REPUBLIKA.CO.ID, BOSSANGOA -- French peacekeeping troops have arrived in the Central African Republic town of Bossangoa, but houses still burn and weapons remain rife as sectarian resentment simmers.
"We are on maximum alert," a humanitarian aid worker told AFP this week in the key town, one of the most badly affected by the Christian-Muslim violence that has swept the country.
Panic has spread among residents because of two rumours of massacres in the region. French forces, African troops and relief agencies also say they have received reports of a large attack planned by Christian militias against Muslims.
On Wednesday, a French patrol bumped into a group of armed men from Seleka -- the officially disbanded, mostly Muslim rebel group that overthrew the government in March and installed its leader, Michel Djotodia, as president.
The French troops disarmed the men and put their Kalashnikovs in storage with between 100 and 200 other weapons seized over a fortnight in the region, said French military sources.

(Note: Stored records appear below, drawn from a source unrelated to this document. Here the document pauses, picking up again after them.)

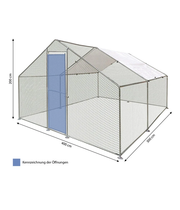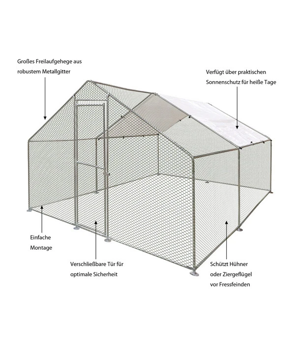 Haben Sie Hühner oder Ziergeflügel, denen Sie ein hübsches, angenehmes und sicheres Zuhause bieten möchten? Sind Sie stolzer Besitzer eines Papageis oder von Wellensittichen? Wenn Ihre Tiere ausreichend Platz haben sollen, dann eignet sich das Freilaufgehege Doerak der Marke Flamingo ideal! Am besten bestellen Sie zusammen mit dem Gehege einen geräumigen Stall, in dem sich Ihre Hühner zurückziehen können. Sofern Sie ihnen zudem ausreichend Trinkwasser und Futter zur Verfügung stellen, fühlen sich die Hühner pudelwohl. Bestimmt danken sie es Ihnen, indem sie bald noch schönere, größere Eier legen. Damit es Ihren gefiederten Freunden während der nächsten Hitzeperiode nicht zu heiß wird, verfügt das Gehege noch über einen praktischen Sonnenschutz. Auch bei Regen spendet das Tuch Schutz. Um für die Sicherheit Ihres Geflügels zu sorgen, können Sie das Vogelheim bequem abschließen.
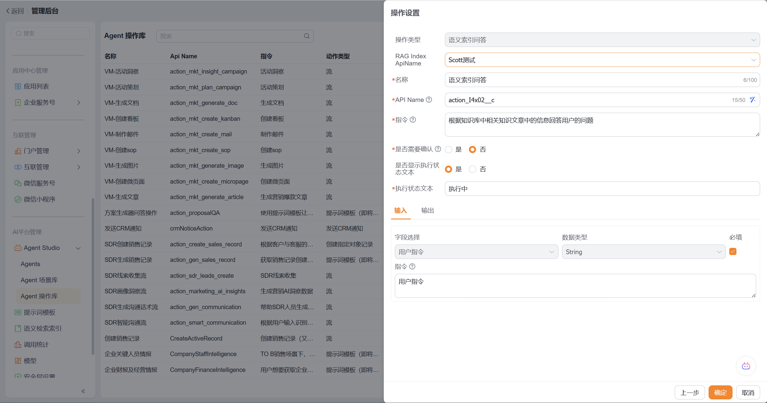 在操作库中添加RAG知识库类型的操作,并关联一个语义检索索引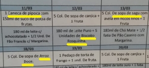 "Estão servindo pipoca, sagu, arroz doce, bolachas e outros alimentos com baixo valor nutricional", frisa o documento.

In a night raid on a house, French soldiers also seized jerrycans of petrol, hours after a series of fires that razed straw huts in both Christian and Muslim districts of the city.

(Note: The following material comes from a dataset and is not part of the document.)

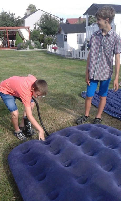 W piątek 8 czerwca 2018 r. szóstoklasiści spędzali noc pod namiotami. Korzystaliśmy z uprzejmości państwa Błaszczok i to na ich podwórku rozłożyliśmy namioty, a że nie jest to takie łatwe jak by się mog ło wydawać – pomagali nam rodzice. Na początek wspólnej imprezy był tort z okazji urodzin Kingi, potem słodkości, gry i zabawy. Wieczorem przygotowaliśmy posłania w namiotach, a o północy czekała nas niespodzianka – ognisko z pieczeniem kiełbasek. Poszliśmy spać późno, a wstaliśmy wcześnie (byli i tacy co nie spali wcale), ale zabawa była wyśmienita. Rano uśmiechnięci, zadowoleni i co tu dużo kryć – zmęczeni i śpiący – wróciliśmy do domu.

"Tensions are getting higher from day to day," said a relief worker.
Aid workers were all the more watchful after getting alarming news from Paoua, 150 kilometres (90 miles) away, where Seleka forces opened fire with assault rifles and rocket launchers and Christian militias warned of reprisals.
Nobody was reported killed or wounded. The gunfire followed a failed bid to broker peace between the people of the small town near the Chadian border and the "anti-balaka" (anti-machete) militias formed by Christians to fight Muslims.